# Free Photo Manipulations and Personalizations



## fadedoak (Jun 1, 2009)

Hello, 
I would like to off FREE photo manipulations. I would be blending your horse into a different background or setting, and adding possible text. I will post the finished product here, but with your permission (please state so in your post) I would like to use the better ones on my DeviantART account. 

Here is what you need to provide:
1. 2-3 pictures of your horse, find CRISP and CLEAR pictures. 
2. Name, Breed, gender ect - and mention if you want personalization. 
3. Patience. I will get to them when I can.

I know how fun it is to see your horse be a *STAR* of an image, so thats why I am offering this, and because I need to work on my manip skills and build up some examples. 

 

EXAMPLES:: most examples were made for a sim horse site called horsephenonena.com. 

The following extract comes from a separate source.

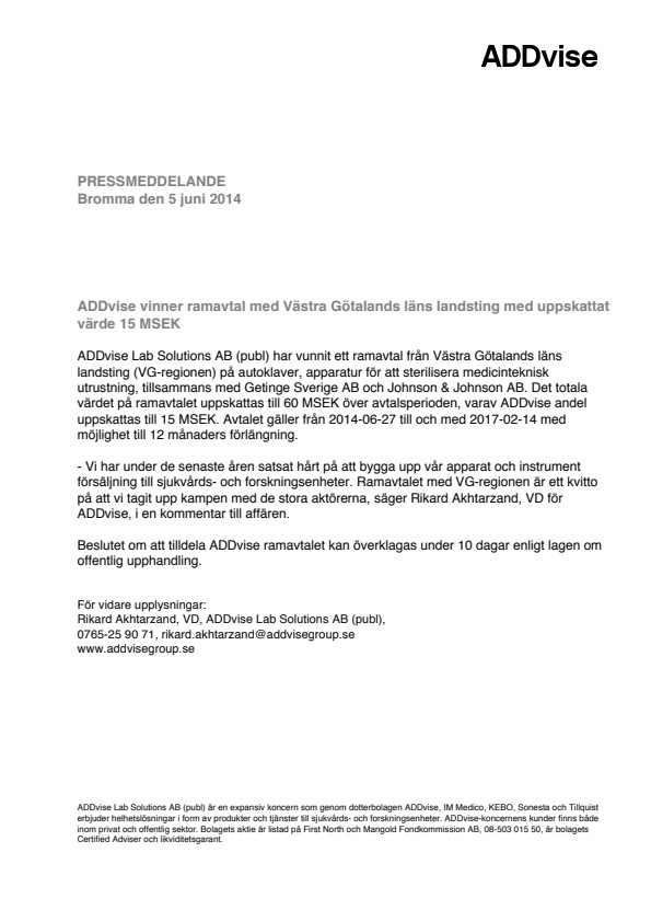 – Vi har under de senaste åren satsat hårt på att bygga upp vår apparat och instrument försäljning till sjukvårds- och forskningsenheter. Ramavtalet med VG-regionen är ett kvitto på att vi tagit upp kampen med de stora aktörerna, säger Rikard Akhtarzand, VD för ADDvise, i en kommentar till affären.

http://fc06.deviantart.com/fs51/f/2009/297/0/a/Adonia_by_enolatwa.jpg


----------



## ThatNinjaHorse (Jul 26, 2009)

wow i LOVE that first one! 

are any of these ok?
http://i341.photobucket.com/albums/o363/mellandshad/Pictures129.jpg
http://i341.photobucket.com/albums/o363/mellandshad/melaniegould240.jpg
http://i341.photobucket.com/albums/o363/mellandshad/Pictures124.jpg
http://i341.photobucket.com/albums/o363/mellandshad/Pictures030.jpg

I'd prefer it with no text, thanks!


----------



## AnnaLover (Sep 27, 2009)

I would LOVE one too! 
Would you be able to do a cowboy-ish background that says something like "get that cow" or something lol.. either that or a field of flowers? 
**Penny, Quarter horse, mare -(personalization? :? ).** 
Uhh I only have one good pic of her running on this computer xP sorry


----------



## APHA MOMMA (Jul 10, 2009)

Wow, I would LOVE one so I am going to jump in line really quick, I will be right back with pictures, have to pick the right ones.


----------



## APHA MOMMA (Jul 10, 2009)

^^^I took to long to put these in my post above, lol, whoops^^^

Okay so if you don't mind I have 2 horses that are pretty much my life. 
1st is "Halo" 
Choose whichever one you like best.
http://i378.photobucket.com/albums/oo224/laura_mccaw07/Halo/152.jpg
http://i378.photobucket.com/albums/oo224/laura_mccaw07/Halo/150.jpg
If you decide to use this one, is it possible to edit the lead rope out?
http://i378.photobucket.com/albums/oo224/laura_mccaw07/Halo/176.jpg

Okay now here is my boy "Scout"
Also choose whichever one you like best.
http://i378.photobucket.com/albums/oo224/laura_mccaw07/Scout/033.jpg
http://i378.photobucket.com/albums/oo224/laura_mccaw07/Scout/022-3.jpg
http://i378.photobucket.com/albums/oo224/laura_mccaw07/Scout/049.jpg

Thank you so so much, oh and I was wondering if it can be a background that makes them stand out and not blend in with them so much. Thank you once again for this oppurtunity to have an awesome picture.


----------



## APHA MOMMA (Jul 10, 2009)

Oh and I don't need their names or wording in the picture.  Thanks again. Also, if you really like any that you do of mine I do give permission for you to use them in your DeviantArt Account.


----------



## fadedoak (Jun 1, 2009)

ThatNinjaHorse:

Not the greatest - but giving everyone a shot.


----------



## fadedoak (Jun 1, 2009)

Sorry, found motivation to do other things.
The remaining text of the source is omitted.